Marketing: Old School vs. New School
September 1st, 2005
I found this chart about New School Marketing compared to Old School Marketing on the Creating Passionate Users weblog. It was a graphic and I converted it to text (with a few edits) so it can be more easily incorporated into other things.
| Old School Marketing | New School Marketing |
|---|---|
| marketers/advertisers do it | everyone does it |
| focused on how the company succeeds | focused on how the user succeeds |
| marketers have the power | users have the power |
| advertising | evangelizing |
| tightly-controlled “brand message” | brand hijacked* by users |
| one-way broadcast | two-way conversation |
| company-created content | user-created content |
| he who outspends wins | he who outteaches wins |
| mass markets | selective, focused users |
| one-size-fits-all | personalized, custom-tailored |
| focus groups | user feedback & contributions… betas |
| deception | transparency |
| bullcrap | authenticity |
| development often independent from marketing | impossible to separate development and marketing |
| the story must be compelling but can be fiction (“buy this and people will like you”) | the story must be compelling, and must be real** (“buy this and you’ll take better photos”) |
| 30-second spots are king | word-of-mouth is king |
| get the customer to believe in it | YOU believe in it |
* Alex Wipperfurth, author of Brand Hijack, defines the co-created hijack as, “…the act of inviting subcultures to co-create a brand’s ideology, use, persona, and pave the road for adoption by the mainstream.”

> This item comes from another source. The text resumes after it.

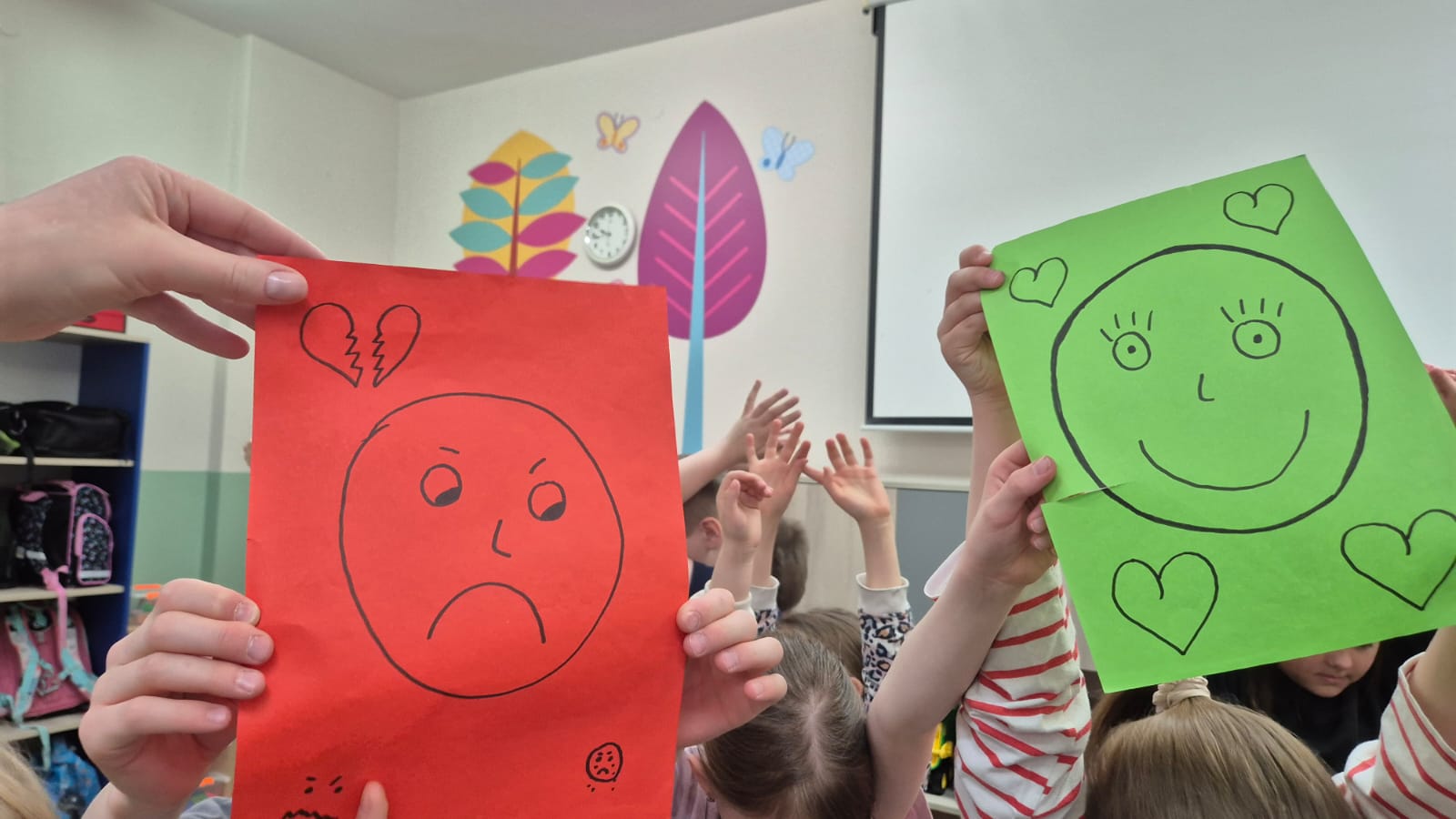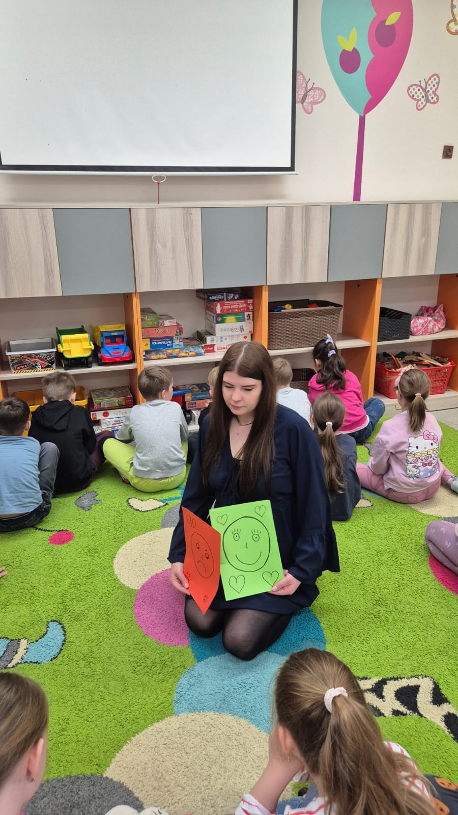 "Dziś świetlcę szkolną odwiedziła Pani Psycholog szkolna, która zabrała nas w niezwykłą podróż do świata emocji ?✨. Poprzez wspólne gry i zabawy dzieci uczyły się jak rozpoznawać radość, smutek, złość czy strach. Było mnustwo śmiechu, ale też ważnych rozmów o tym, że każde uczucie jest nam potrzebne.

** Real is relative to the desires and perceptions of the user.
September 1st, 2005 at 1:23 pm
Great! Not sure why you tamed it down though ;-)
September 1st, 2005 at 1:37 pm
I plan on using this in another setting, where some of the words in the original wouldn’t have been appropriate to use. I think the meaning is still in tact.
September 2nd, 2005 at 8:26 am
You’re right. Cheers, shared it around the office.